Hoje vivo em Viena, na Áustria, sou membro da Câmara do Comércio de Viena, tenho meu registro de profissional autônomo, planejo me especializar ainda mais nas áreas em que traduzo (jogos e aplicativos, recursos humanos e turismo) e percebo cada vez mais como o universo tradutório é, além de ilimitado, de uma fascinação infindável.

Rafael Pescarolo de Carvalho é tradutor de inglês e português e reside em Viena, Áustria.
Proz | Skype: rafa.pes.car

Minha história: Sheila Gomes

Quando ainda vivia em Joinville/SC (onde nasci e morei até os 41 anos), era tradutora em uma empresa de TI. Mas não estava satisfeita nem com o desafio nem com o salário, que complementava ensinando e traduzindo por conta própria. Venho de uma família de empreendedores, e já tive mais de um negócio próprio, então resolvi investir na carreira de tradutora e fui atrás de informações.
Decidi ser mais ativa em fóruns, comecei o meu próprio blog, sempre que tinha oportunidade oferecia ajuda aos colegas e participava de eventos on-line e presenciais.

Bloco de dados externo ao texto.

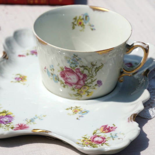 Grande tasse "Paulette" en porcelaine et sa grande sous-tasse fleuries et dorées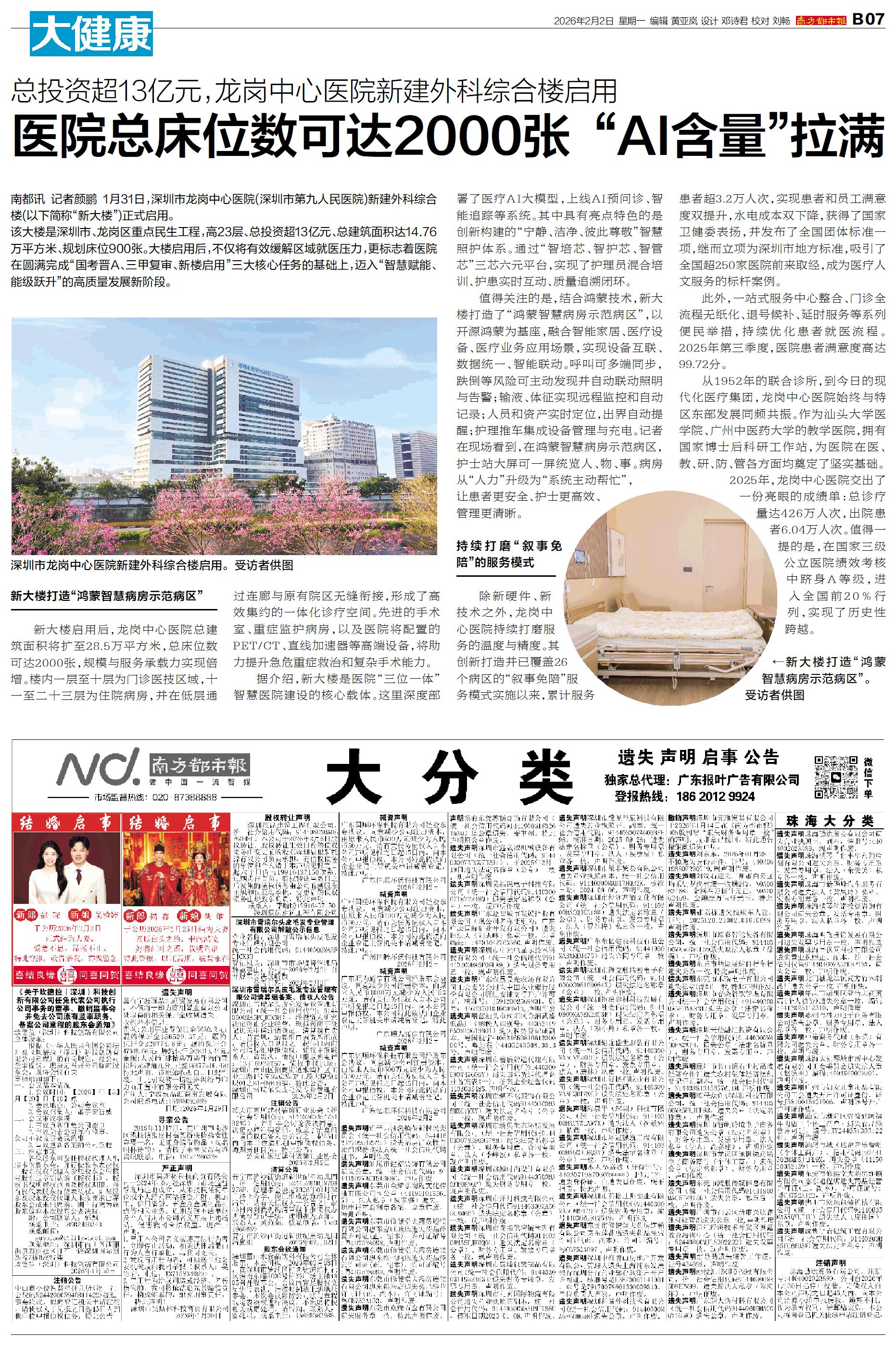 南都讯 记者颜鹏 1月31日,深圳市龙岗中心医院(深圳市第九人民医院)新建外科综合楼(以下简称“新大楼”)正式启用。 该大楼是深圳市、龙岗区重点民生工程,高23层、总投资超13亿元、总建筑面积达

E foi graças à disposição das pessoas que compartilhavam seu conhecimento na Internet e também nos encontros que aprendi o que precisava para me “assumir”, sair da empresa e virar tradutora independente em tempo integral. Fui construindo minha carreira, e o primeiro grande sonho realizado por conta disso foi a mudança para Curitiba, há um ano e dois meses.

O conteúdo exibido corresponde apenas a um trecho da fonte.